### DATA IN THIS EXERCISE
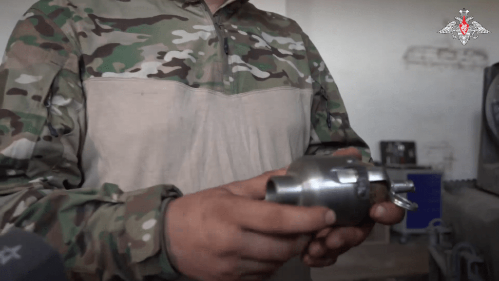 Most recently, on 11 August, the Russian Ministry of Defence shared a short video featuring a Russian Army engineers who are manufacturing 82mm Mortar round conversions for launching from RPG-7s and also cup dischargers for AK-74 pattern rifles. The design is identical to those seen previously. The engineer explains they are made on a lathe and the grenades are launched by a blank cartridge. In the clip we can clearly see that again there is a metal band which the grenade’s safety lever is slid.
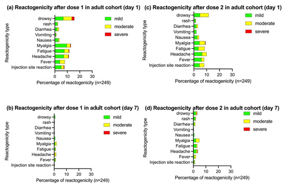 Seven participants in the adult cohort reported nine severe reactogenicities (injection site reaction in one participant, headache in one, fatigue in one, myalgia in one, and drowsiness in five). However, all symptoms resolved within 1 week. On day 1 after the second dose, the reactogenicity was 12.4% in the adolescent cohort and 14.1% in the adult cohort. All participants’ reactions were mild to moderate in severity except one reaction in the adult cohort; this participant reported severe myalgia that spontaneously resolved. No serious AEs were reported during the follow-up period.
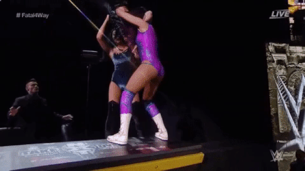 Nikki and Asuka would continue to fight. Nikki used her unpredictability as an asset, flinging her body from the top rope to take down the Iconic Duo. While Asuka was downed by a brutal neckbreaker, Nikki and the Aussies would fight each other, making their way to the commentary booth.
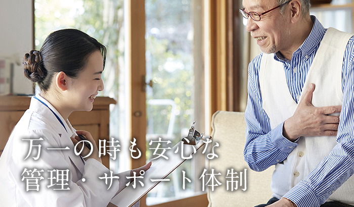 体調の急変など緊急時には昼夜問わず駆けつけ、適切に対処します。
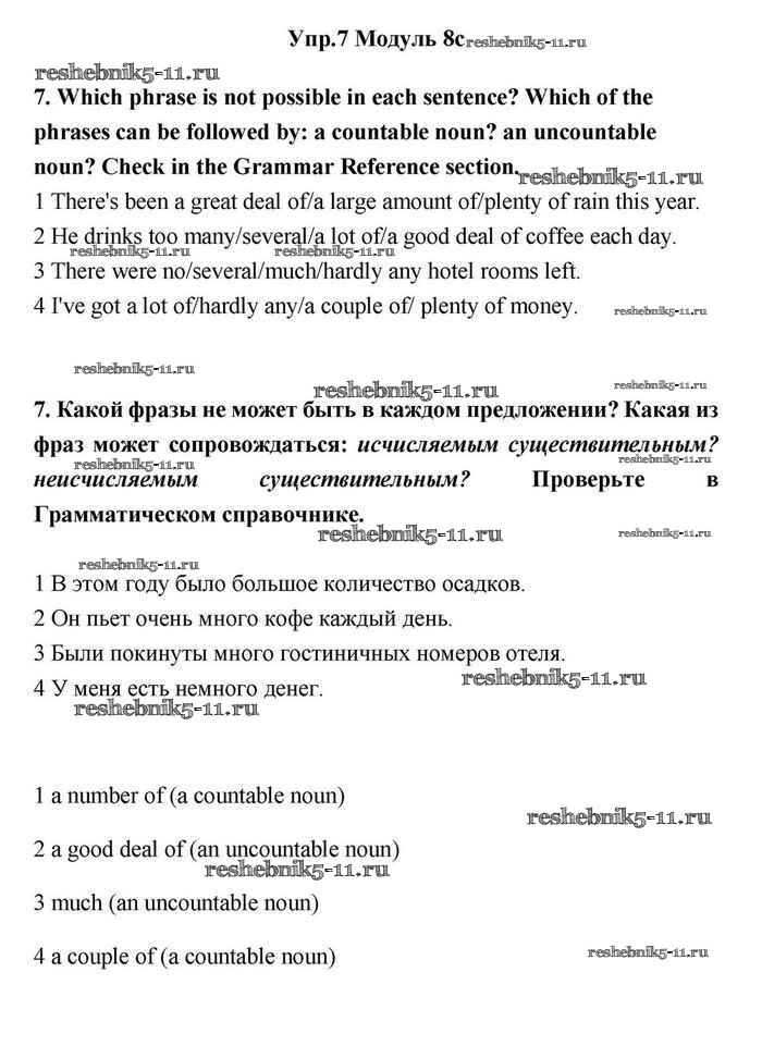 Готовая домашняя работа с ответами по Английскому языку за 11 класс Эванс, Дули, Оби, Афанасьева, Михеева Учебник Spotlight Просвещение 2015 ФГОС - 8c 7
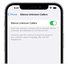 Norėdami įjungti funkciją „Silence Unknown Callers“, eikite į „Settings“ (nuostatos) „Phone“ (telefonas), tada slinkite žemyn, bakstelėkite „Silence Unknown Callers“ ir įjunkite šią funkciją. Skambučiai iš nežinomų numerių nutildomi ir siunčiami į balso paštą bei rodomi paskutinių skambučių sąraše.
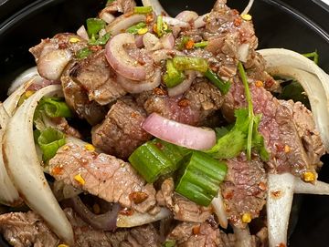 Grilled beef marinated mix with scallions cilantro served with side steamed rice.
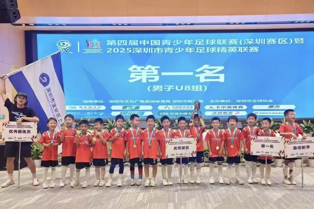 学校每周开设一节40分钟的足球课,普及全体学生;社团训练每天组织一场30分钟的对抗赛,以锤炼学生的技能。由此,打通了“课程普及+球队赛事+青训培养”的良性竞赛循环。学校还打造15人组成的“足球名教头”团队,深耕人才培养沃土。建校五年来,校队累计斩获各级各类奖项100余次,包括2025年中国青少年足球联赛(深圳赛区)U8组冠军、深圳市中小学生校园足球比赛乙组冠军等。在这里,上星足球不止是运动,更是陪伴一生的健康习惯!
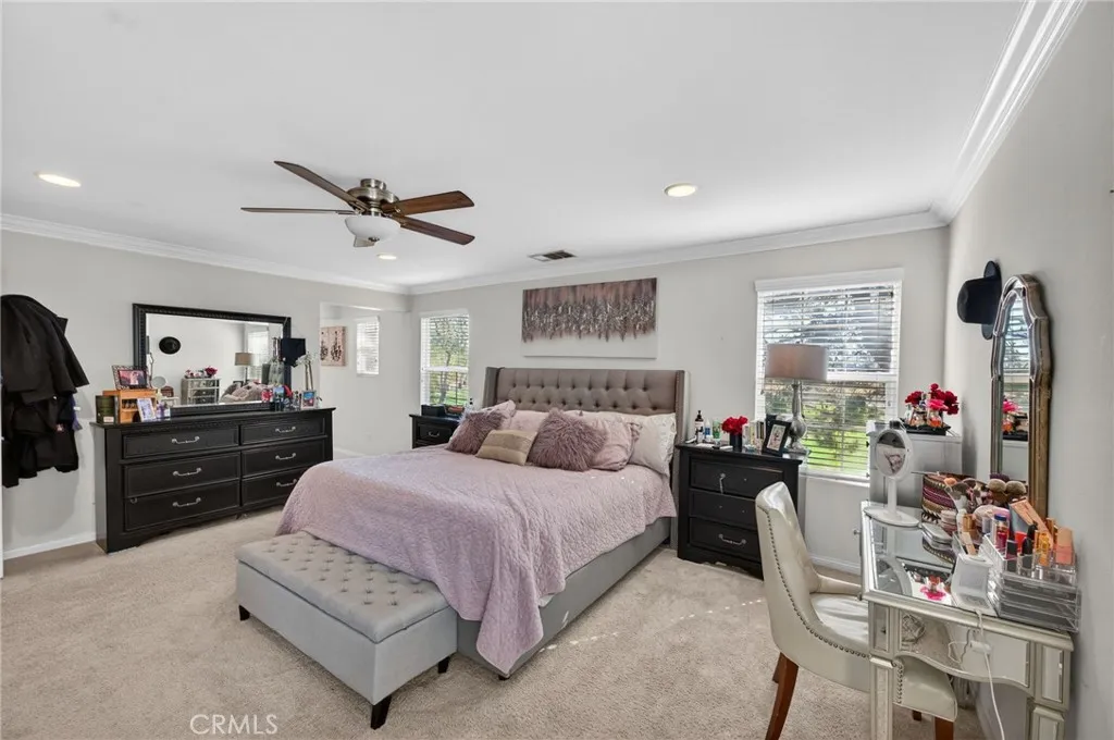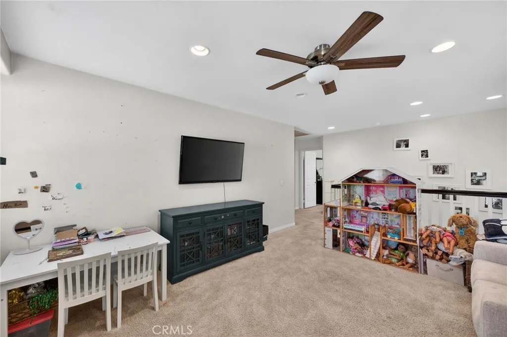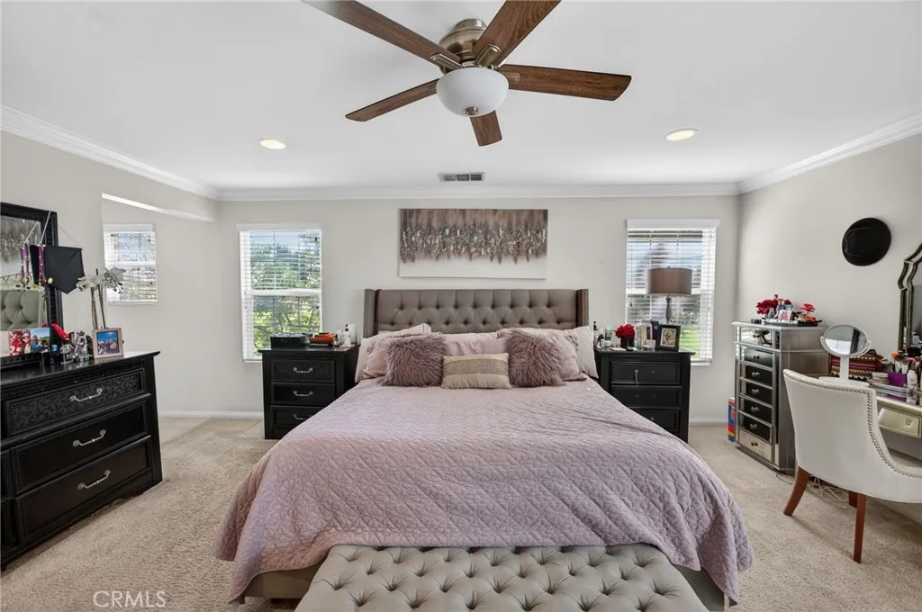 Beautiful move-in ready single-family home located in the highly desirable Preserve community, within an award-winning school district. This spacious residence offers 4 bedrooms and 3 bathrooms, including a convenient downstairs bedroom and full bath—ideal for guests or multi-generational living. The inviting living room features an updated fireplace, surround sound, built-in speakers, and automatic blinds. The kitchen is perfect for entertaining with granite countertops, wood cabinetry, stainless steel appliances, and a large bar-top island, plus direct access to the attached two-car garage for added convenience. Upstairs offers three additional bedrooms, a versatile loft, and a dedicated laundry room. The primary suite features crown molding, a spacious walk-in closet, dual sinks, and a separate tub and shower, along with peaceful park views. Step outside to a covered patio and a private, serene backyard with no rear neighbors—just a quiet walking trail and greenbelt behind you. Additional highlights include PAID-OFF solar for energy efficiency. Residents enjoy amenities including a pool, parks, and scenic walking trails, all just minutes from new schools and recently developed shopping centers. This is a must see!
######
#### [WHAT IS REQUIRED]
What you give back must be exactly the lines from the opening line of the entries through the line holding "Seven participants in", with no pictures.

#### [RESPONSE]
 Most recently, on 11 August, the Russian Ministry of Defence shared a short video featuring a Russian Army engineers who are manufacturing 82mm Mortar round conversions for launching from RPG-7s and also cup dischargers for AK-74 pattern rifles. The design is identical to those seen previously. The engineer explains they are made on a lathe and the grenades are launched by a blank cartridge. In the clip we can clearly see that again there is a metal band which the grenade’s safety lever is slid.
 Seven participants in the adult cohort reported nine severe reactogenicities (injection site reaction in one participant, headache in one, fatigue in one, myalgia in one, and drowsiness in five). However, all symptoms resolved within 1 week. On day 1 after the second dose, the reactogenicity was 12.4% in the adolescent cohort and 14.1% in the adult cohort. All participants’ reactions were mild to moderate in severity except one reaction in the adult cohort; this participant reported severe myalgia that spontaneously resolved. No serious AEs were reported during the follow-up period.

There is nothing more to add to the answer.